LeGarrette Blount announced his retirement on Saturday after an NFL career that spanned nine seasons, six different teams and three Super Bowl championships.
With an Instagram post featuring a personal highlight reel and lengthy statement, Blount thanked nearly every team he spent time with and everyone else who helped him along the way.
“I have thought long and hard about this decision, and I’ve talked to my closest family members and friends about this,” Blount said. “I gave everything I had to the game, my teammates, and my coaches. I want to show my appreciation to the organizations that believed in me enough to give me a real shot.”
Blount was true to his word, posting a paragraph about his time with every team that brought him in. With one exception: the Detroit Lions.
LeGarrette Blount’s long and winding football career
At his best, the 247-pound Blount was a bruising, talented running back who made defenses miserable at the goal line. At his worst, he was responsible for incidents on and off the field.
Only ranked as a two-star recruit coming out of high school, Blount attended East Mississippi Community College for two years and raised his prospect stock enough to transfer to Oregon.
A highly anticipated senior season after a junior-year success with the Ducks was spoiled after just one game, when Blount infamously punched a taunting Boise State player and almost started tussling with Broncos fans after an upset loss. Blount was suspended for nearly the rest of the season and went undrafted in the 2010 NFL draft.
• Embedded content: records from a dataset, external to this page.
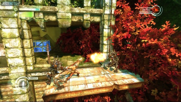En réalité, ce qui fait cruellement défaut à Enslaved, c’est le manque de challenge dont fait preuve le jeu. S’il est évident que les développeurs cherchent à simplifier au plus le gameplay de leur jeu, afin de séduire un plus large public, ces derniers ont tendance parfois à oublier les gamers qui sont habitués à l’exercice, et pour lesquels certains obstacles se passent en un claquement de doigts. Enslaved est loin d’être le jeu le plus difficile, c’est certain, et le nombre trop limité de chapitres ne nous tiendra en haleine qu’une huitaine d’heures de jeu, pas plus. Les plus exigeants noteront également quelques chutes de frame-rate ici et là, un aliasing assez présent et souvent des textures qui mettent du temps à s’afficher convenablement. Rien de bien dramatique dans le fond, mais l’immersion s’en retrouve quelque peu hachée, ce qui ne manquera pas de faire grincer des dents certains joueurs en quête du Saint Graal. Enslaved : Odyssey to the West n’est malheureusement pas le candidat choisi pour endosser un tel rôle (fardeau ?) mais il est suffisamment bien ficelé pour qu’on lui prête une forte attention.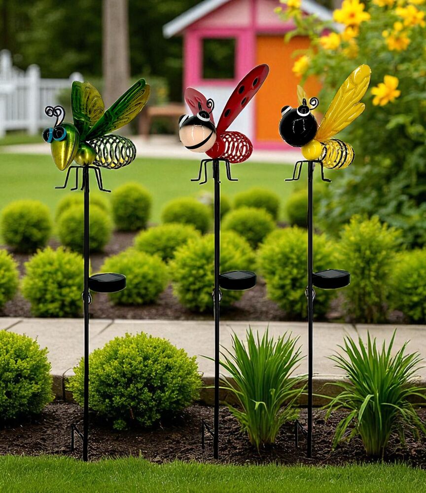 • With bodies that glow at night, this Set of 3 solar lights including bee, ladybug and grasshopper will bring a magical warmth to your garden.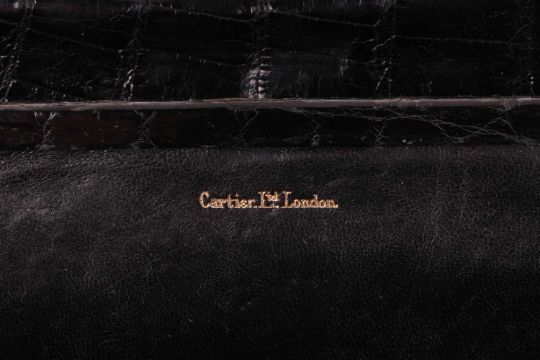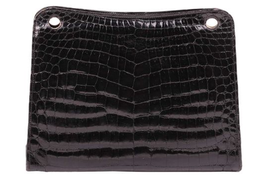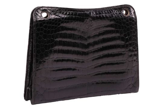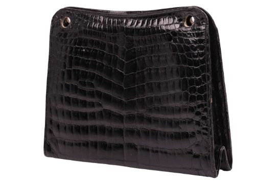 Cartier - an evening handbag in black crocodile skin leather, circa 1960s, of rectangular shape, kisslock closure, calf leather lined, signed 'Cartier Ltd. London', all hardware including straps have been removed. W24.5 x H19.0 x D7.0 cm.

Blount’s NFL career began with the Tennessee Titans, who waived him after training camp. The Tampa Bay Buccaneers then claimed Blount, who became only the second undrafted rookie to rush for 1,000 yards in his first season.
Blount would move from the Bucs to the Patriots to the Pittsburgh Steelers over the next few seasons, before landing again with the Patriots, when he enjoyed the most successful stretch of his career. Blount won two Super Bowls in New England, and rushed for 1,864 yards and 24 touchdowns between the 2015 and 2016 seasons. He’d win another ring with the Philadelphia Eagles the year after leaving New England as well.
Blount’s final NFL season came in 2018 with the Detroit Lions, where he averaged a career-low 2.7 yards per rush. Given what we know about former Lions head coach Matt Patricia’s relationship with some players, it may not be surprising Blount didn’t mention his time there in his statement.